Server Side Code Injection not detected without enabling SQL Injection scanning module
While testing for python code injections, i observed that the burp suite pro 1.7.21 active scanner does not detect server side code injections without enabling the SQL Injection main module (sub-modules for type of payloads need not be enabled) active scanning area.
Using the combination mentioned above, the scanner throws the payload 'eval(compile('for%20x%20in%20range(1)%3a%5cn%20import%20time%5cn%20time.sleep(20)'%2c'a'%2c'single'))' at the vulnerable parameter. Looking at this, i assume that the server side code injection module is probably not picking up the vulnerability due to absence of the word 'sleep' in it's dictionary (a random guess) and may be it needs the SQL Injection module to fetch that payload from there?
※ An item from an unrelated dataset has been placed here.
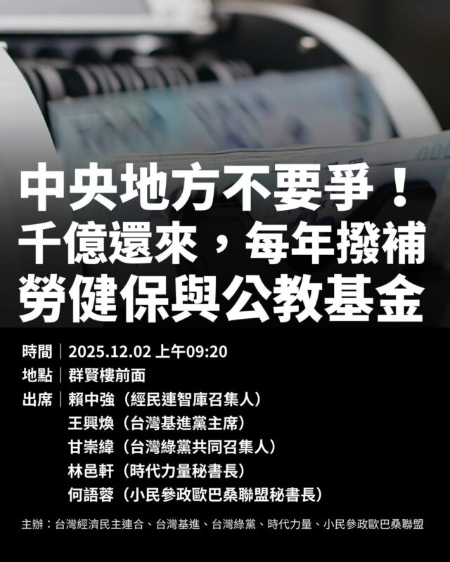 台灣經濟民主連合與台灣基進、時代力量、綠黨、小歐盟等四個政黨,將於明日上午舉行記者會,呼籲國會朝野三黨:(1)盡速協商讓《財劃法》、總預算與國防特別預算付委審查,並讓爭議盡早落幕,(2)縮減「暴增版」的統籌分配稅款與地方補助款規模,確保中央政府對勞健保與公教退撫基金四大社福財政缺口撥補,未來十年,每年有不少於一千億元的穩定財源。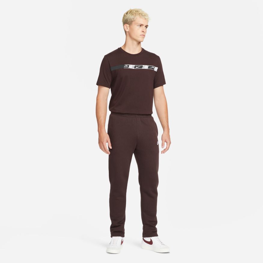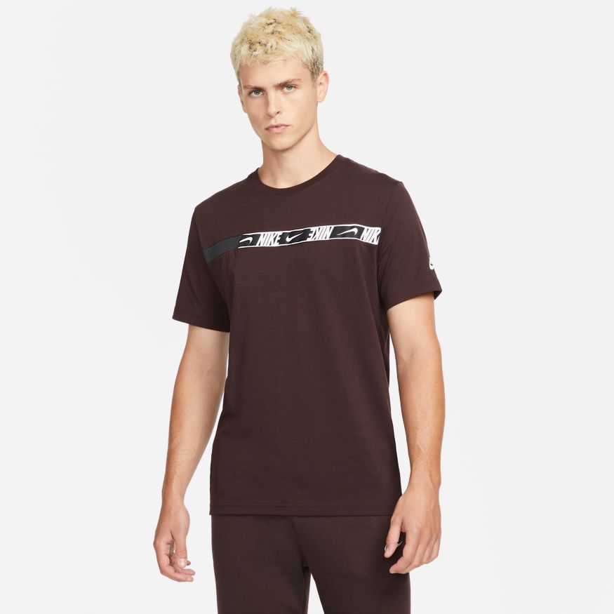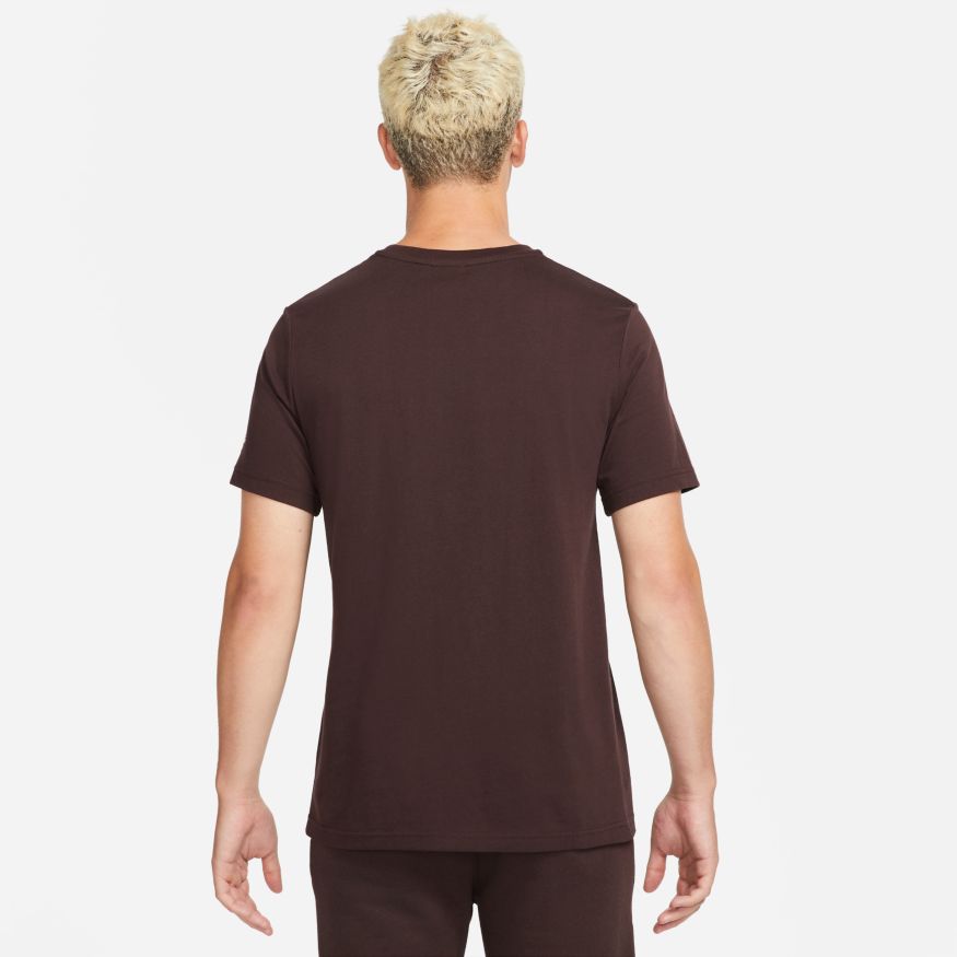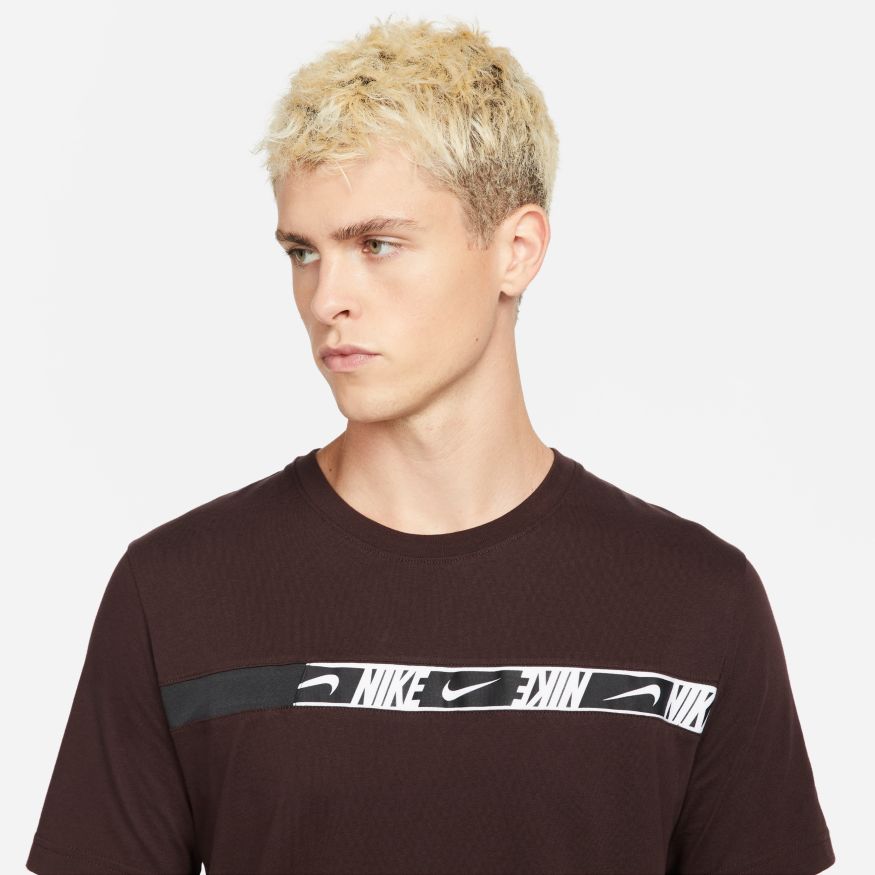 Représentez votre fidélité au Swoosh où que vous alliez avec le t-shirt Nike Sportswear. Il est fait de coton doux pour vous draper confortablement, tandis qu'une bande de logos répétés traverse votre poitrine. Ce produit est composé d'au moins 75 % de fibres de coton biologique.

Well, using a standalone, customized, selected active area, i see i might have missed critical vulnerabilities in my pen tests ! ...as many times i would not want to bombard the target with multiple requests or payloads and use only modules which i require.
Can we have a similar check for all scanning modules? Thanks
Thanks for this report. We’ve confirmed this issue. It does appear that the scan check logic for SQL injection and server-side code injection is erroneously inter-dependent. This is due to the possibility that SQLi sleep payloads can also trigger “unknown code injection”.
We’ll look into properly separating out the scan logic to remove the hidden dependency while also avoiding false positives.
We don’t believe that this is any kind of widespread issue within the scan check configuration.